● **Directions for this task**
Please reproduce exactly, and only, the line containing "Note: Newtown Creek" and every line after it to the end of the records below, leaving out all pictures.
····················
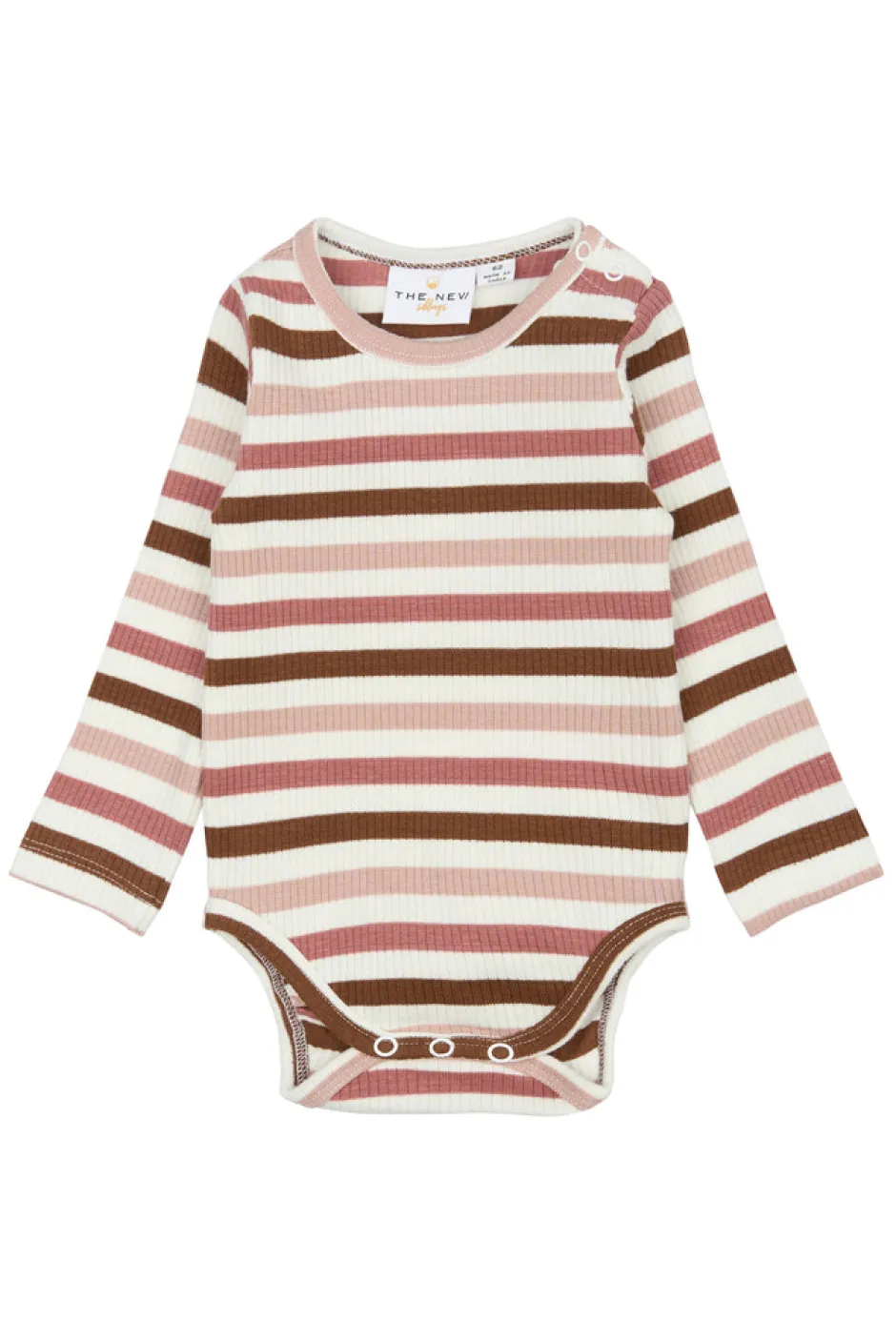 Langærmet stribet babystocking i et stilfuldt og strækbart ribstof. Denne enkle bodystocking fra THE NEW siblings er en essentiel hverdagsfavorit. Stoffet er blødt, let og åndbart. Uanset om dit barn kravler, leger eller danser, er denne bodystocking en vidunderlig ledsager til nye eventyr.
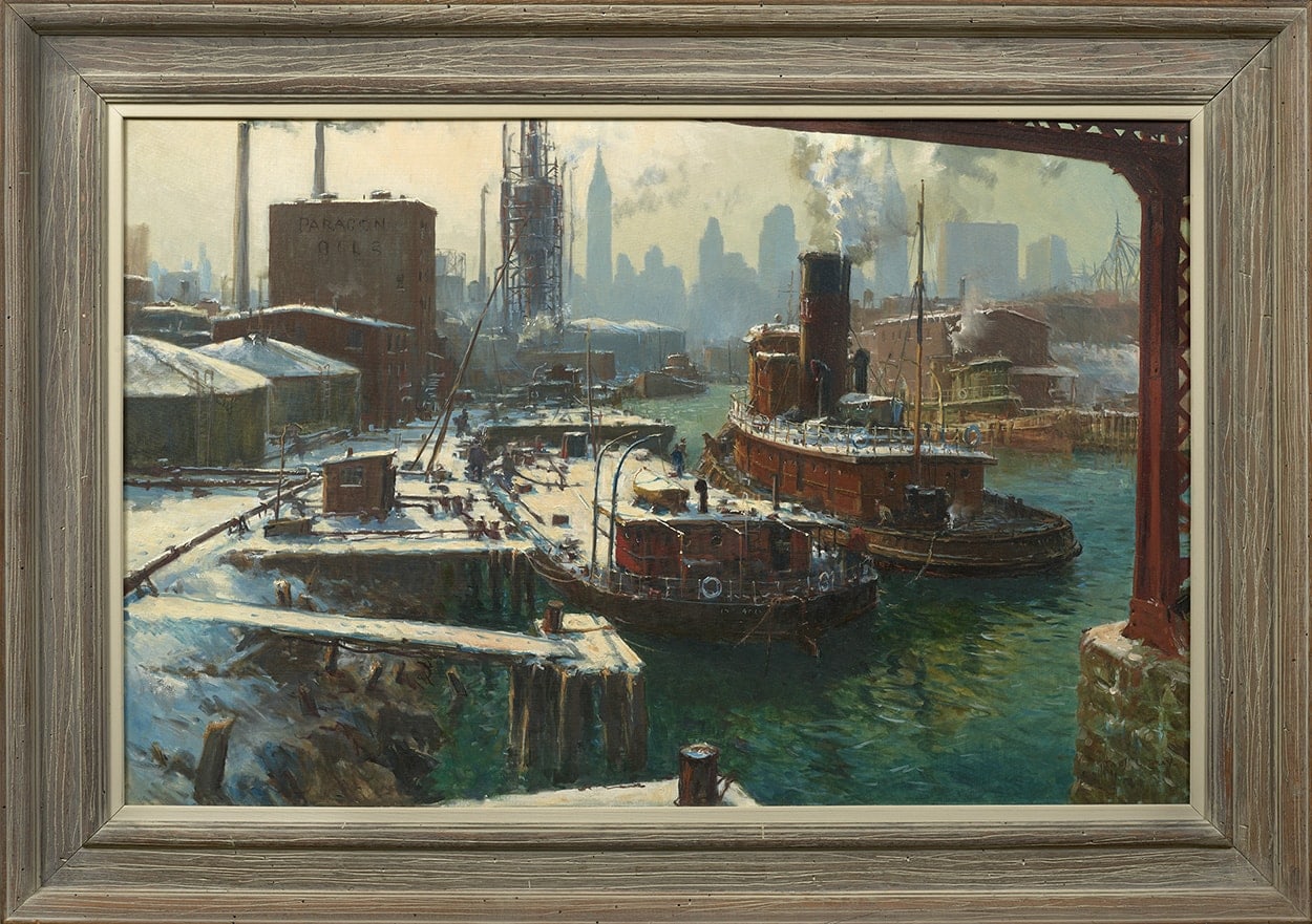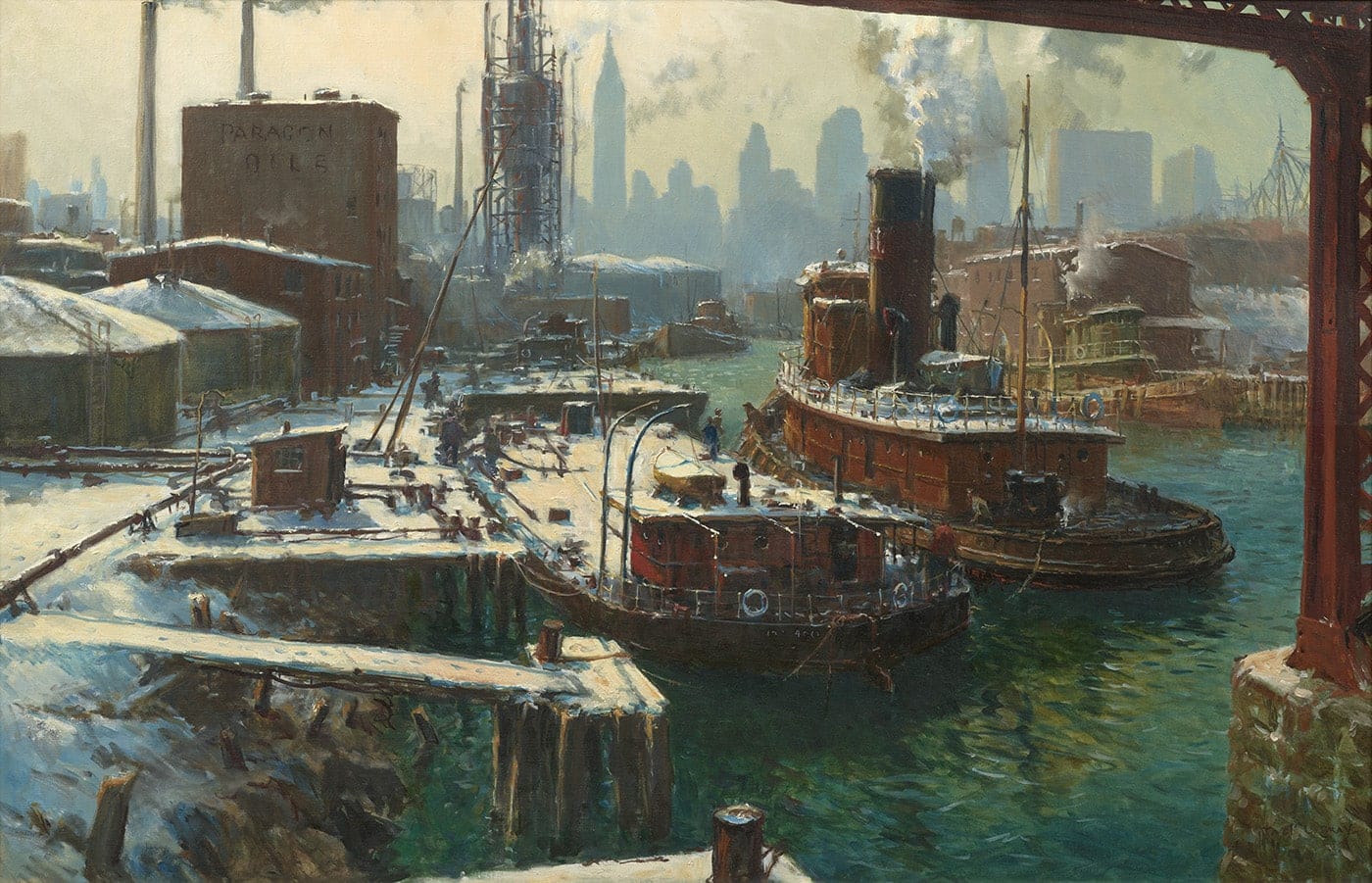 Note: Newtown Creek is a tributary of the East River running between Brooklyn and Queens in New York. By the early twentieth century, the area had become a major industrial site with numerous refineries active along its banks. Jack Lorimer Gray’s depiction of Newtown Creek features a Paragon Oil building on the left and smoke rising past the distant view of the Manhattan skyline.
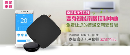 8月福利來了!泰信盒子為慶智能家居系列產品上線,讓大家提前嘗鮮,特推出優惠套餐活動:購泰信盒子,可免費將您家中普通空調變智能空調。您或許會問看電視跟空調有什么關系?一臺小小的機頂盒能改變空調的功能?
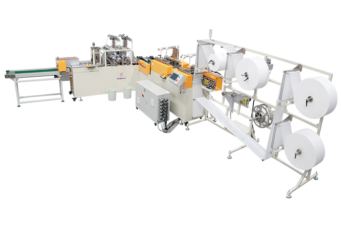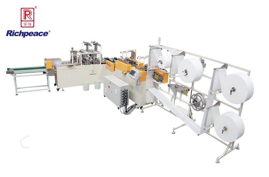 1.全自動四層面料柳葉型口罩成型加工。采取一出二結構,由柳葉型口罩打片機 1 臺,雙工位耳帶焊接機 1 臺,分流傳輸裝置一套,上料架一套,電控系統一套組成。結構精巧,操作簡單,性能穩定可靠。
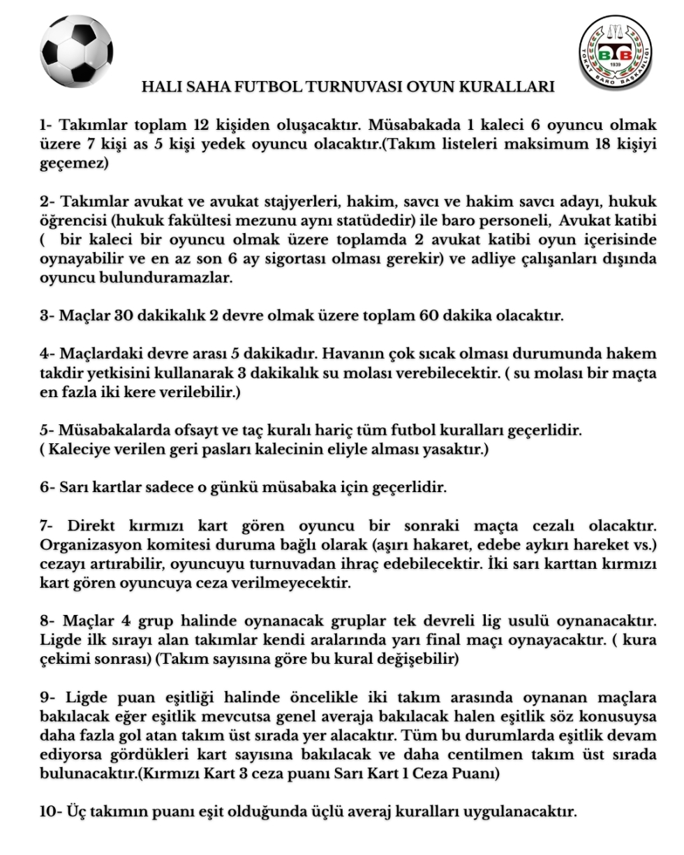 Tokat Barosu Geleneksel Halı Saha Turnuvası ve Oyun Kuralları 2026
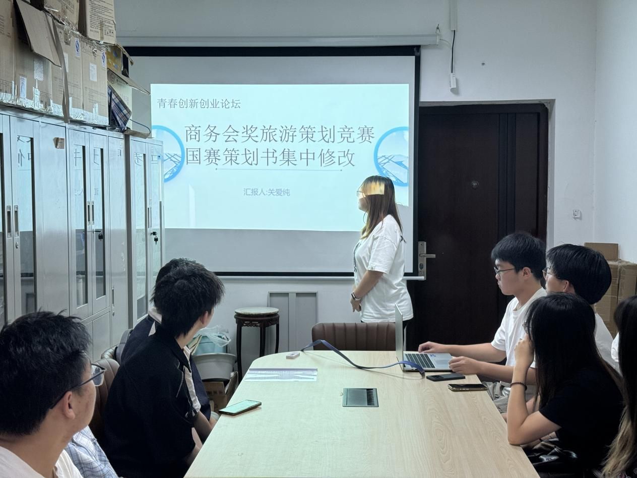 为提高学生参赛作品质量,助力国赛备战工作,2025年5月21日,williamhill威廉希尔开展了"青春创新创业论坛——商务会奖旅游策划竞赛国赛策划书集中修改"活动。本次活动由学院创新创业部干事关爱纯同学主持,吸引了十余名参赛学生积极参与。
····················
● **Expected output**
 Note: Newtown Creek is a tributary of the East River running between Brooklyn and Queens in New York. By the early twentieth century, the area had become a major industrial site with numerous refineries active along its banks. Jack Lorimer Gray’s depiction of Newtown Creek features a Paragon Oil building on the left and smoke rising past the distant view of the Manhattan skyline.
 8月福利來了!泰信盒子為慶智能家居系列產品上線,讓大家提前嘗鮮,特推出優惠套餐活動:購泰信盒子,可免費將您家中普通空調變智能空調。您或許會問看電視跟空調有什么關系?一臺小小的機頂盒能改變空調的功能?
 1.全自動四層面料柳葉型口罩成型加工。采取一出二結構,由柳葉型口罩打片機 1 臺,雙工位耳帶焊接機 1 臺,分流傳輸裝置一套,上料架一套,電控系統一套組成。結構精巧,操作簡單,性能穩定可靠。
 Tokat Barosu Geleneksel Halı Saha Turnuvası ve Oyun Kuralları 2026
 为提高学生参赛作品质量,助力国赛备战工作,2025年5月21日,williamhill威廉希尔开展了"青春创新创业论坛——商务会奖旅游策划竞赛国赛策划书集中修改"活动。本次活动由学院创新创业部干事关爱纯同学主持,吸引了十余名参赛学生积极参与。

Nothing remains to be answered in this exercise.